#### [REQUIRED ACTION]
You are asked to copy the entire listing exactly, apart from its pictures.

#### [SOURCE DATA]
::::::::::
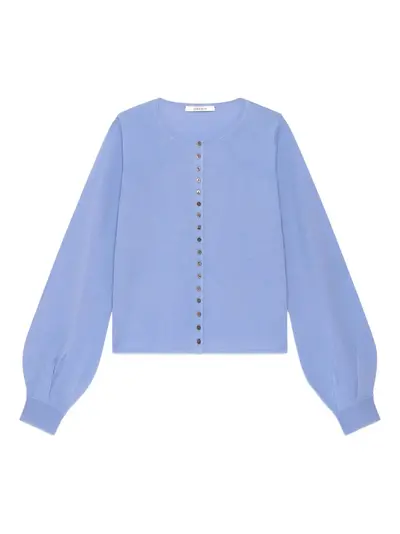 light blue round neck front button fastening balloon sleeves ribbed cuffs ribbed hem
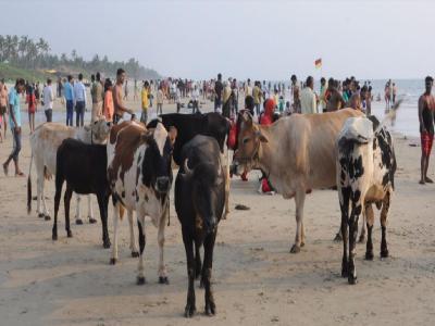 गोव्याच्या किनाऱ्यावर पर्यटकांसोबत स्थानिकांची गुरेही दिसत आहे.
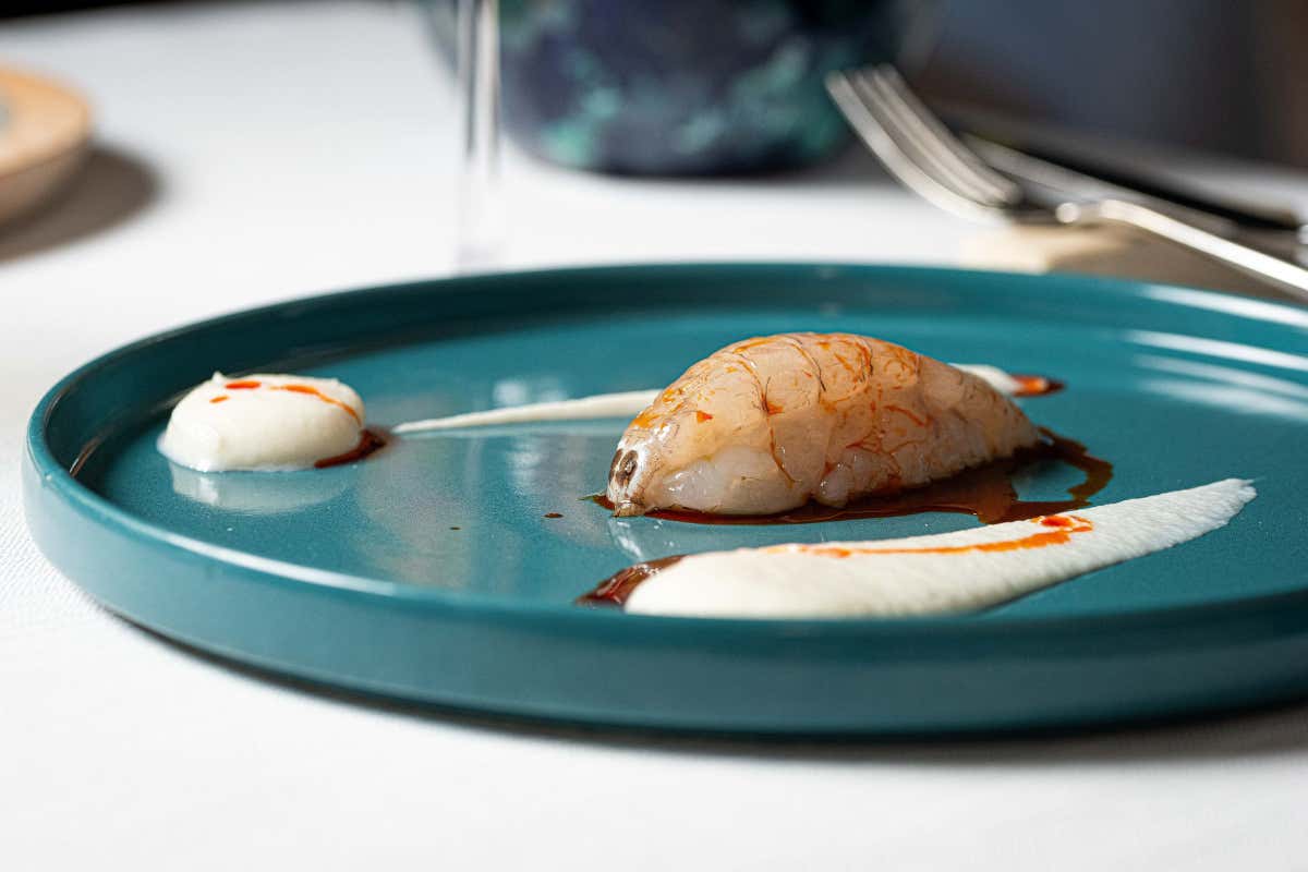 Mazzancolle, delicato di cavolfiore, pannocchia e olio alla paprika
::::::::::
#### [FINAL ANSWER]
 light blue round neck front button fastening balloon sleeves ribbed cuffs ribbed hem
 गोव्याच्या किनाऱ्यावर पर्यटकांसोबत स्थानिकांची गुरेही दिसत आहे.
 Mazzancolle, delicato di cavolfiore, pannocchia e olio alla paprika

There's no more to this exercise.